Thread: COPY fails on 8.1 with invalid byte sequences in text types

COPY fails on 8.1 with invalid byte sequences in text types

From
Jeff Davis
Date:
You can insert invalid UTF8 bytes sequences into a TEXT type on an 8.1
installation by doing something like:

INSERT INTO foo(t) VALUES('\xFF');

Then, you can do a:

COPY foo TO '/some/file';

but if you try to do a:

COPY foo FROM '/some/file';

That will fail because /some/file contains invalid UTF8 sequences, even
though it's the same file you copied out.

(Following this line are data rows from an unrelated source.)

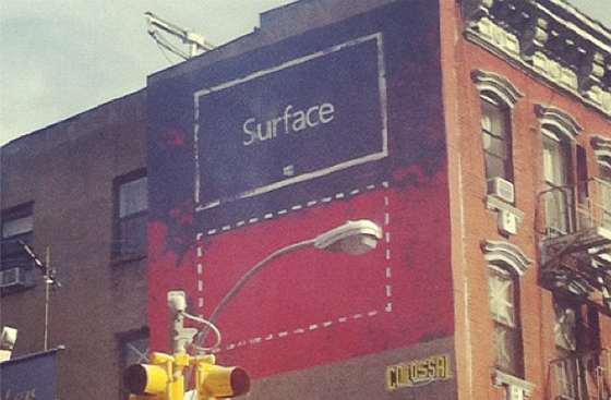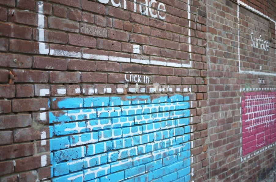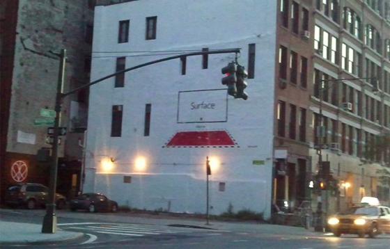 10月26号才正式发布,虽然还有两个月多的时间,但微软似乎已经开始着力推广他们的产品了。近日人们发现在纽约街头的一面建筑物的墙上,赫然出现Surface的涂鸦。这些涂鸦中并没有出现Surface的配置价格信息等广告内容,只是轮廓与六月份发布的Surface几乎一模一样,而且键盘颜色也与我们之前照片上见过的非常像,能让人一眼就看出来:这就是微软的新平板电脑----Surface。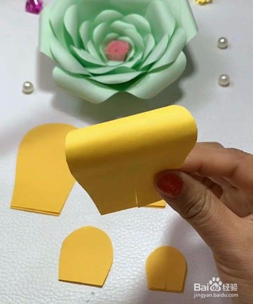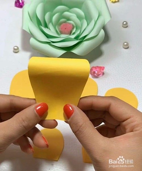 再从小的花瓣粘起,如图一样把花瓣一片一片的粘到一起成圆形,以次把另外4个花瓣做好。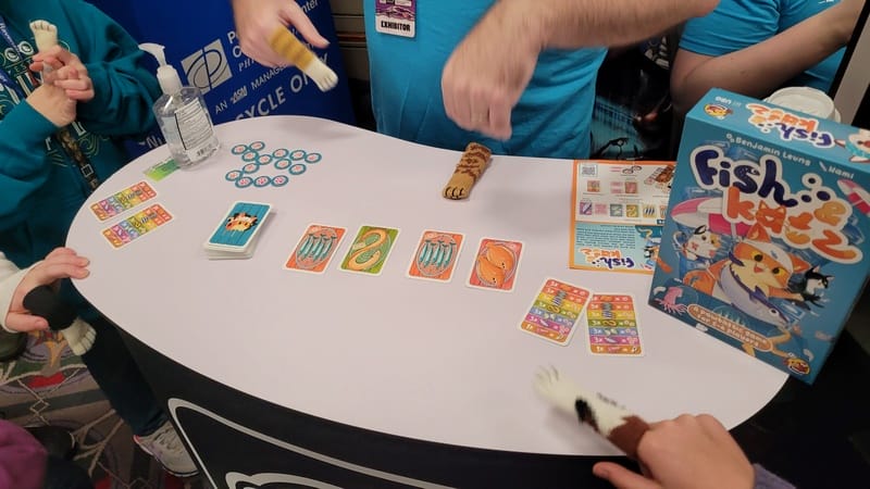 Un titre dans la catégorie des jeux familiaux de rapidité. Ici, vous allez pointer une carte comportant des poissons tous ensemble, habillés de mitaines de doigt en guise de patte de chat !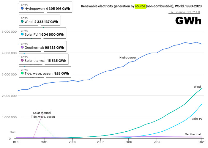 Renuable ELECTRICITY GENERATION by SOURCE, World 2023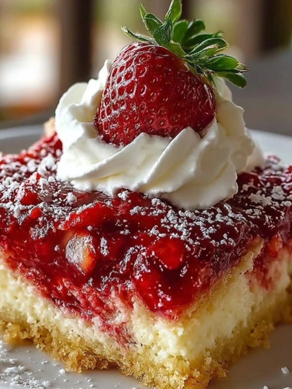 Yes, you absolutely can use fresh strawberries, but you’ll want to turn them into a quick compote first. Canned strawberry pie filling offers the ideal texture and sweetness, but if you prefer fresh berries, cook them down with some sugar and cornstarch until they’re thick and jammy. That way, your cake won’t come out too watery and the flavor will stay concentrated.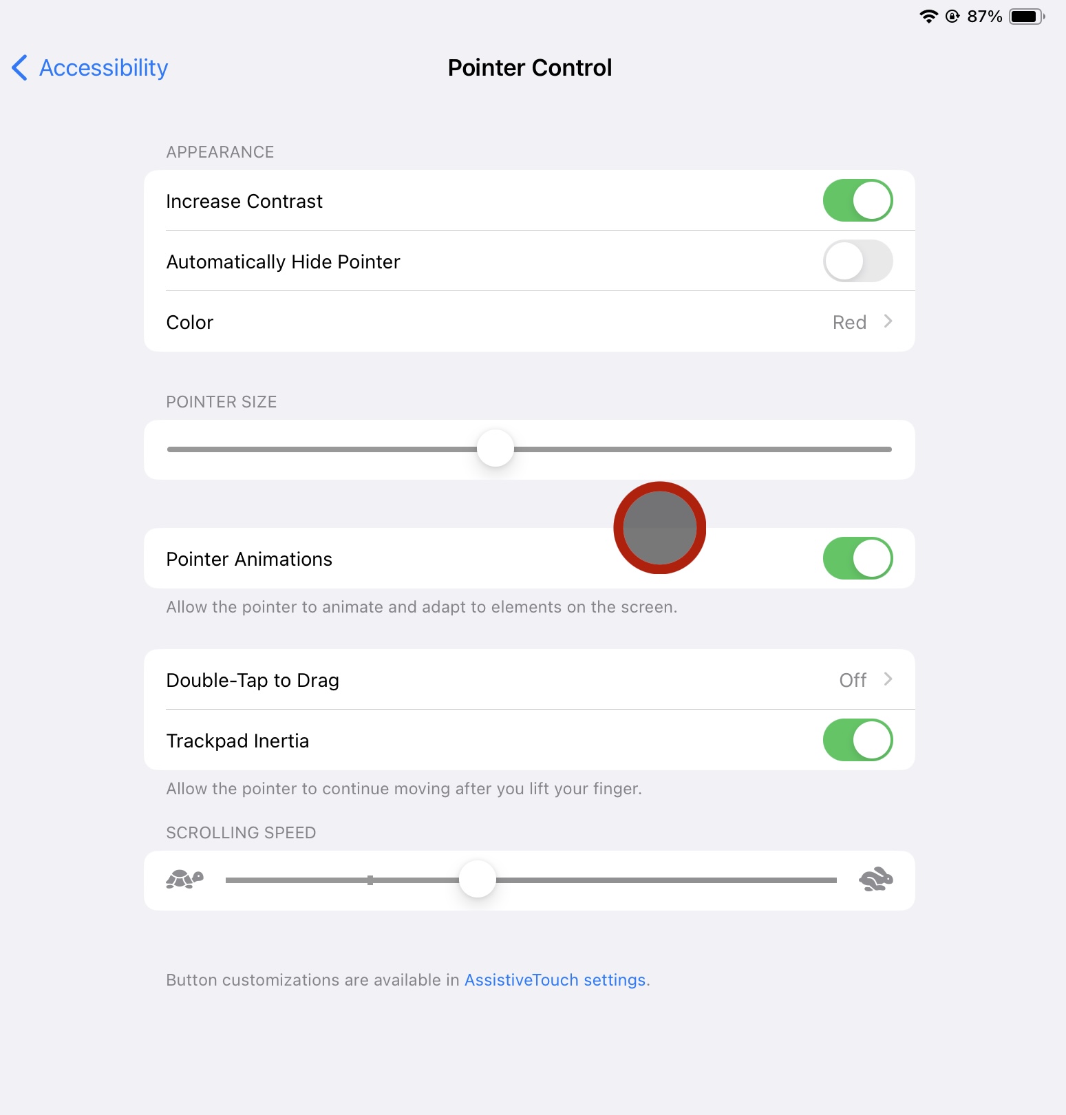 My daughter has switched from a laptop to iPad, but is struggling with the grey dot instead of having an arrow Pointer.

It seems to be essentially a data corruption issue if applications
insert binary data in text fields using escape sequences. Shouldn't
PostgreSQL reject an invalid UTF8 sequence in any text type?

Regards,
    Jeff Davis

Re: COPY fails on 8.1 with invalid byte sequences in text

From
Jeff Davis
Date:
On Fri, 2006-10-27 at 14:42 -0700, Jeff Davis wrote:
> It seems to be essentially a data corruption issue if applications
> insert binary data in text fields using escape sequences. Shouldn't
> PostgreSQL reject an invalid UTF8 sequence in any text type?
>

Another note: PostgreSQL rejects invalid UTF8 sequences in other
contexts. For instance, if you use PQexecParams() and insert using type
text and any format (text or binary), it will reject invalid sequences.
It will of course allow anything to be sent when the type is bytea.

Also, I thought I'd publish the workaround that I'm using.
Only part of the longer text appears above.